The evidence for a more proportional system is comprehensive and compelling. Research over 55 years has repeatedly demonstrated that on average, countries with proportional systems:
- have 7.5 per cent higher voter turnout
- create policies that better reflect the views of the median voter
- have citizens more satisfied with their democracy
- elect eight per cent more women
- have lower income inequality
- have better environmental performance
- are just as fiscally responsible, and have higher economic growth
- have no more frequent elections
Most countries with more proportional voting systems are governed by stable and productive majority coalitions which actually represent a majority of voters. As the evidence suggests, over time these governments are better able to make and sustain progress on a variety of social democratic issues.
With no phony majority in sight for any party, the parties have an incentive to work hard to find common ground.
What do Canadians think of a more proportional voting system? Polls conducted by various major polling companies over 14 years consistently show a strong majority of Canadians who vote for all parties support it -- 70 per cent in the latest poll (2013).
Ten Canadian commissions have recommended PR. Federally, in 2004, the Law Commission of Canada did a comprehensive two-year study, including 17 public consultations, and released a 200-page report recommending Canada adopt a Mixed Member Proportional system with regional open lists (meaning, all MPs directly elected by and accountable to local voters).
The Liberals sat on the report and the Conservatives disbanded the Law Commission.
There are other possible proportional designs for Canada, two of which are featured in three six-minute videos with Professor Dennis Pilon.
The catch-22 of electoral reform, of course, is that the party who achieves power via winner-take-all voting (or can dream of it) is usually loathe to change the system that got them there, and will sit on or sabotage any process or recommendation to do so. This includes governments of all political stripes.

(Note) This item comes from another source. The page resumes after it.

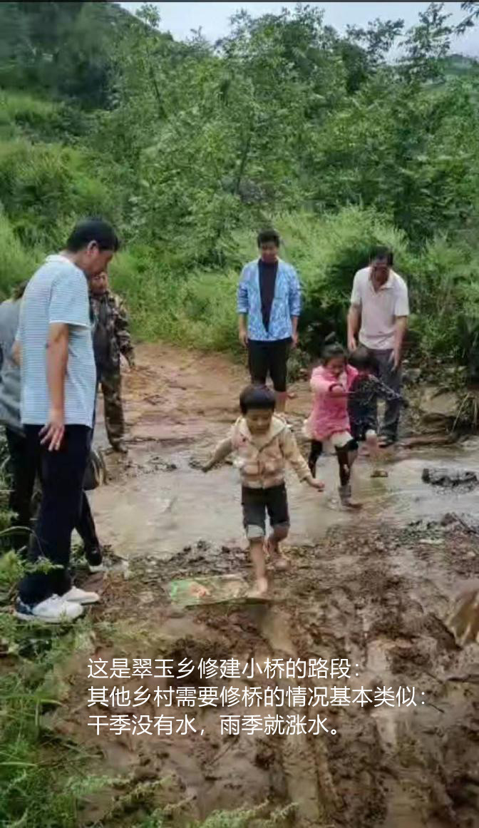 (2)小桥连建:2019年9月12日,云南省宁蒗县翠玉乡蔡家坪王家村路上小涵管堵塞,河水从路上漫过,由于水流太大,一名上学娃娃被河水冲倒,幸好被一名路过大人发现并救起。山村有很多这样的路段,或者的一个小涵管,或者就是干路,一旦遇到下大雨,就水漫路面,村民和学生通行困难或者无法通行,存在安全隐患。

That's what makes where we sit now so unique and exciting.
On December 3, 2014, in the House of Commons, the NDP used their Opposition Day motion for a vote on proportional representation.
All the NDP MPs, Green MPs, Bloc MPs, 3/5 Independent MPs and 16/31 Liberal MPs voted YES.
The NDP and Green parties are committing, in their 2015 campaign platforms, to consult citizens and experts on a model, then implement PR for 2019 if elected.
In June 2015, the Liberal Party announced that they will form an all-party committee to consider electoral reform (both winner-take-all and proportional options), to report back to Parliament within one year of the next Parliament, introduce legislation on electoral reform within 18 months, and make 2015 the last first-past-the-post election.
Their caucus is divided on proportional representation. Some favour PR, while some favour another winner-take-all system, which changes little but historically would have benefited the Liberal party.
Experience has taught us that no matter what the process is, the views of the parties and the individual MPs who fill the chairs are critical to seeing electoral reform move ahead.
Fair Vote Canada has asked candidates in every riding in Canada where they stand on proportional representation, and whether they will vote for it -- the riding by riding results are on www.fairvote.ca.
Last month Fair Vote Canada announced that 500 academics, including Kevin Page and over 30 Canada Research Chairs, have signed an open letter by Professor Peter Russell calling on the parties to implement proportional representation.
We have a window of opportunity this election to move Canada forward, so we leave behind a better democracy for our children and grandchildren. Together, we can make every vote count.